I'm not a natural mother. Perhaps the
phenomenon of a “natural mother” does not exist but culturally
the idea thrives and makes mothers all around the world feel guilty.
I thought I would love motherhood. Not
every second, of course. No one loves everything all the time. But I
had the general idea that while the road would be rocky at times,
most of the parenting process would be straightforward and rewarding.
I thought I would just “know what to do” when my child threw
tantrum or peed on the floor. I thought that after birth, when I
brought my beautiful child into the world, things would just fall
into place and the cogs would turn as they do in well-oiled
machinery. In short, I didn't plan.
Instead what I found of motherhood (so far, in my
three years) is a lot of work and very little reward.
My cogs are broken, if I am supposed to have them.The edges are all worn off and they don't fit together anymore. What God has given me is a puzzle without all the pieces. I don't know what
I am doing half the time and I exist in a perpetual state of
desperate prayer and half-guesses. I feel always behind and
shortchanged. I look about for rest, and find none. I look about for
my compensation for the hours of work—and find, usually, a hungry
husband awaiting his supper at the table. The rewards of motherhood
seem scant, at least the kind of rewards I can hold in my hand and
tangibly see.
I am tired. I work from dawn to dusk.
There are always tasks unfinished. There are always small moments
missed where I should have pointed my child to Jesus but didn't.
There are the failures I count over in my head as I am nursing the
baby to sleep, if I have any thoughts left to spare in my exhaustion.
There is the guilt. I didn't do well enough. I lost my temper. I
cried. We watched too much TV. I didn't take him to the park. I
didn't reach out to my friends.
Motherhood to me seems like a lot of lonely moments and missed
opportunities measured against my guilty shortcomings. Who in their
right mind would chose this life? It's hard. And as I said above, motherhood does not come
naturally to me: it's a lot of hard work. It's not fulfilling, it's
not rewarding: at least not in worldly rewards like money.
That is because the rewards of
motherhood are not of this world. God didn't write “raise up
your children and you will feel fulfilled and be richly blessed”.
Because motherhood does not fulfill me on any sort of human, worldly
level.
The rewards of motherhood are all
spiritual. I am learning about God while raising my children. God is
pruning my branches as I traverse toddler-hood. The heavenly father
is teaching me patience, gentleness, kindness and humility. And I must submit to his will and to his teaching: not fight him for what I think I should have or how I think motherhood should look.
While on Earth motherhood is a
lot of grief as you watch your child go through trials of all kinds
and generally fail at making good God-honoring decisions. Our
children, like their parents before them, live in a fallen world.

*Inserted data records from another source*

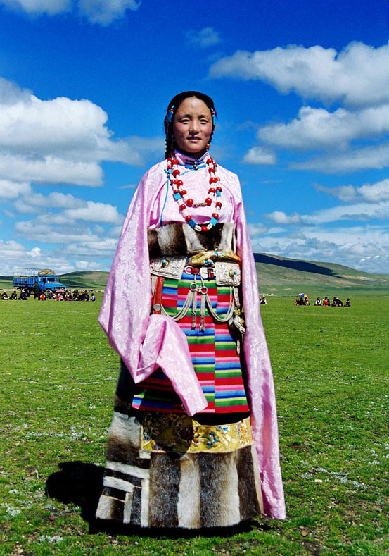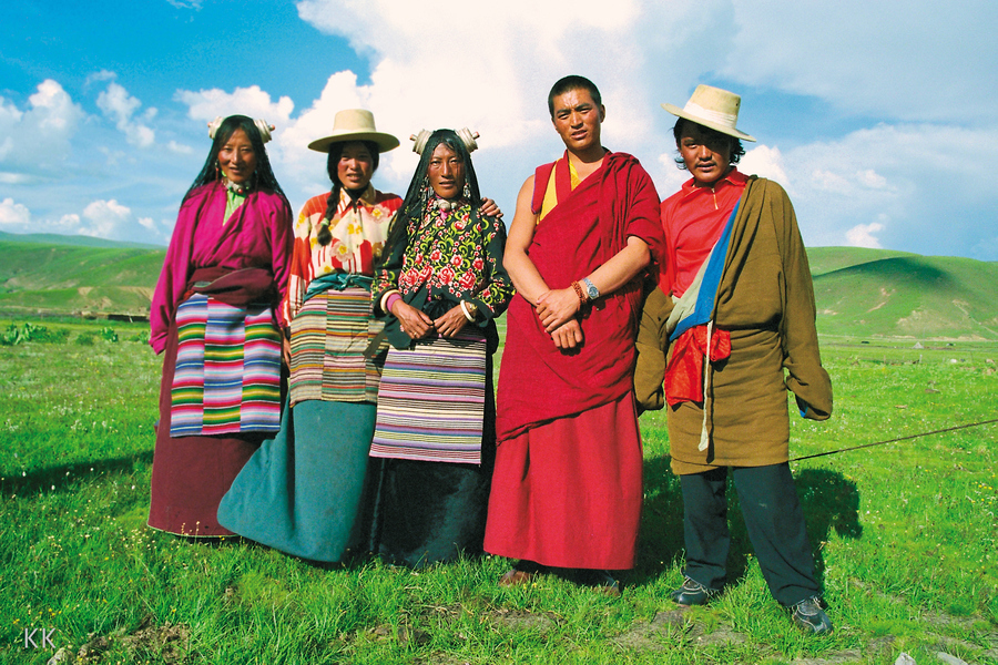 In general the Zang men wear plaits on the head and women wear them on the shoulders. They all wear gowns with long sleeves. When they are dancing, their sleeves look wings flapping in the air. The monks wear cassocks whose colors vary according to their particular sect of Tibetan Buddhism.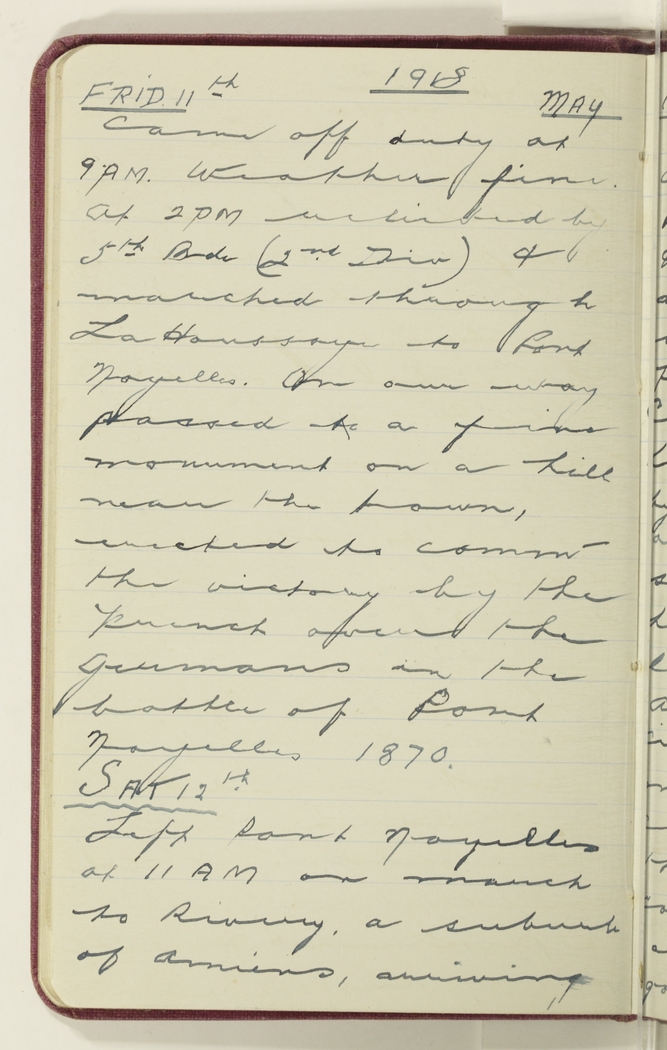 Came off duty at 9 am. Weather fine. At 2 pm relieved by 5th Bde (2nd Div) & marched through La Houssaye to Pont Noyelles. On our way passed a fine monument on a hill near the town, erected to comm. the victory by the French over the Germans in the battle of Pont Noyelles 1870.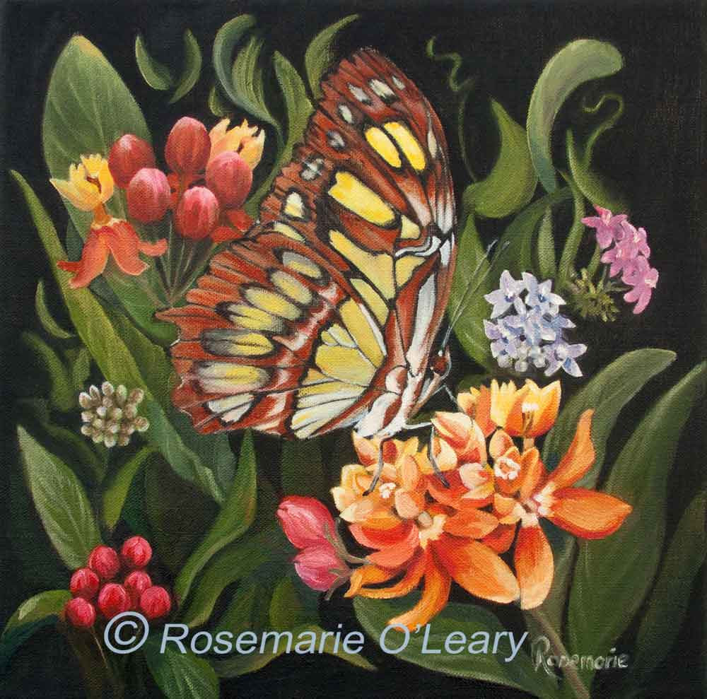 An inspiration from a visit to an exotic butterfly house and working from my own reference photographs. The Malachite butterfly, native to South America is one of the largest of the butterflies of the world.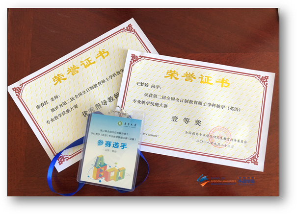 2017级学科教学(英语)专业硕士研究生王梦姣同学获得一等奖,指导老师廖春红教授获得优秀指导教师称号。这是918博天堂学子在该项目比赛中连续两届获得一等奖。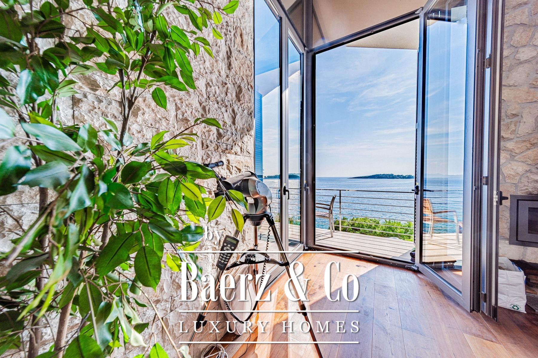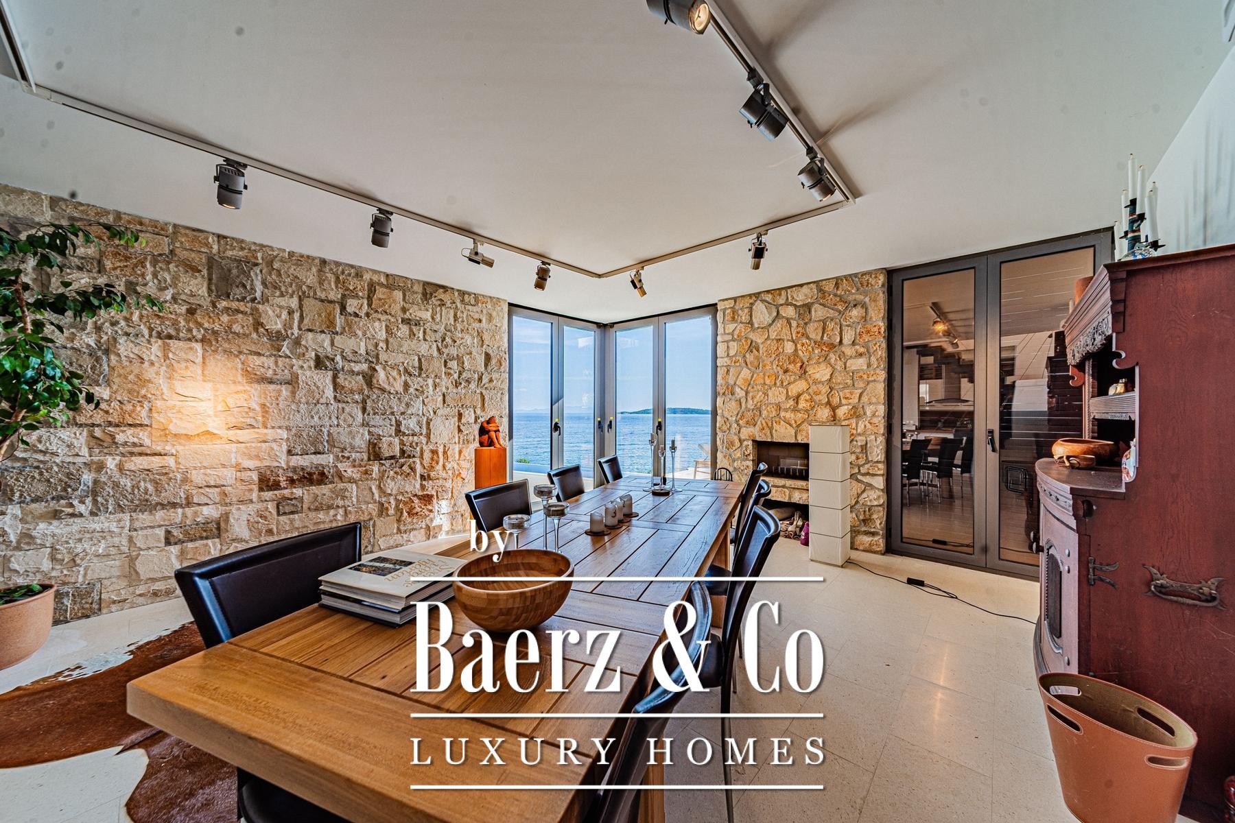 The landscape in front of the villa features pale stone paving, a swimming pool and dedicated areas for sunbathing, all designed to encourage easeful living by the sea. A pedestrian path brings you just 15 metres to the water, where a small pier allows for boat mooring and private retreat. Throughout, the materials and interior finishes display thoughtful attention to detail, imparting a sense of understated exclusivity.

They are subject to the whims of their own sin nature.
Thus we mothers sit here in perpetual
prayer for the safekeeping of our offspring, daily beseeching God to
keep them safe. Safe from themselves. Safe from vices, cancers, drunk
drivers, abusive relationships...the list goes on and on and nothing
is more broken than a mother's heart when we see our children hurt,
be it physically or emotionally. Yet we must bear it.
While motherhood is mostly a world of
heartache here at our temporary home on Earth: the abounding spiritual
gifts of motherhood overflow! So do not despair, dear lonely mother. The joy of the Lord is everlasting,
even in the midst of sorrow of hardship.